Available data:
|---|

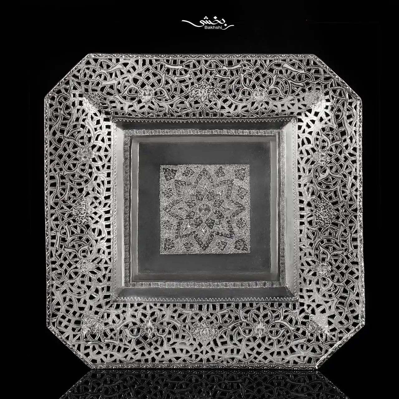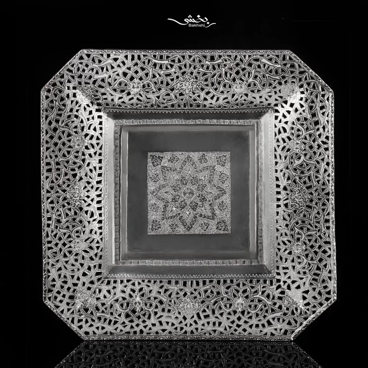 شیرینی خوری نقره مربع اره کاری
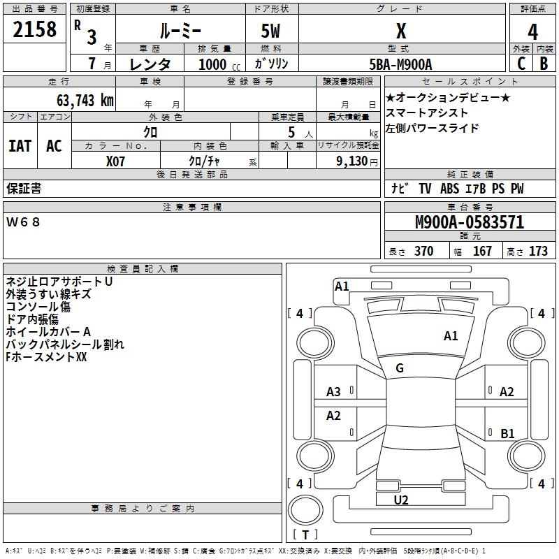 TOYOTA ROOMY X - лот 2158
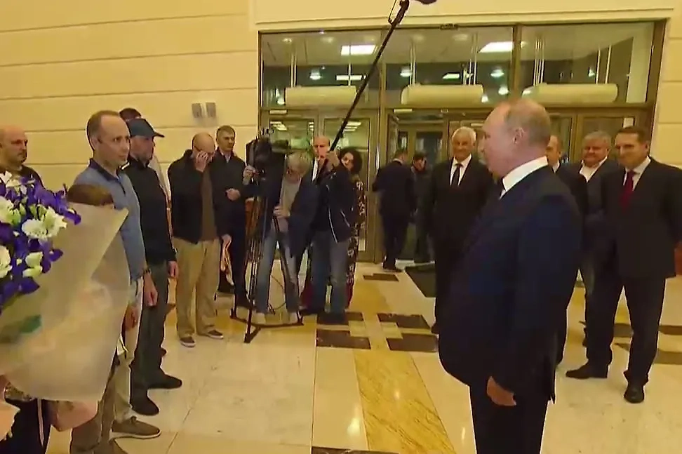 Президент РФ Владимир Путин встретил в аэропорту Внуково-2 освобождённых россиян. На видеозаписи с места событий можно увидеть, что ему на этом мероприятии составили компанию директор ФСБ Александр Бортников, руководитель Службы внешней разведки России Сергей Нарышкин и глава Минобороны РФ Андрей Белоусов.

|---|

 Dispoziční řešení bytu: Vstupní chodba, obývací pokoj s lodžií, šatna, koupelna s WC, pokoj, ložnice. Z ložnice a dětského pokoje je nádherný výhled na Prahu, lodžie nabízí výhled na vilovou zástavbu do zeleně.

|---|

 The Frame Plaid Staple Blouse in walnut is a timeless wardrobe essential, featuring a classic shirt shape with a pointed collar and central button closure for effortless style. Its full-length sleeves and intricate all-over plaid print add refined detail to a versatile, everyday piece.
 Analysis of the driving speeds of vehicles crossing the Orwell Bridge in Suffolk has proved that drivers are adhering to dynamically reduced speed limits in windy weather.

|---|

What the task asks: Output only an exact transcription of the lines above from the one with "The Frame Plaid" up to and including the one with "Analysis of the".

Your solution:
 The Frame Plaid Staple Blouse in walnut is a timeless wardrobe essential, featuring a classic shirt shape with a pointed collar and central button closure for effortless style. Its full-length sleeves and intricate all-over plaid print add refined detail to a versatile, everyday piece.
 Analysis of the driving speeds of vehicles crossing the Orwell Bridge in Suffolk has proved that drivers are adhering to dynamically reduced speed limits in windy weather.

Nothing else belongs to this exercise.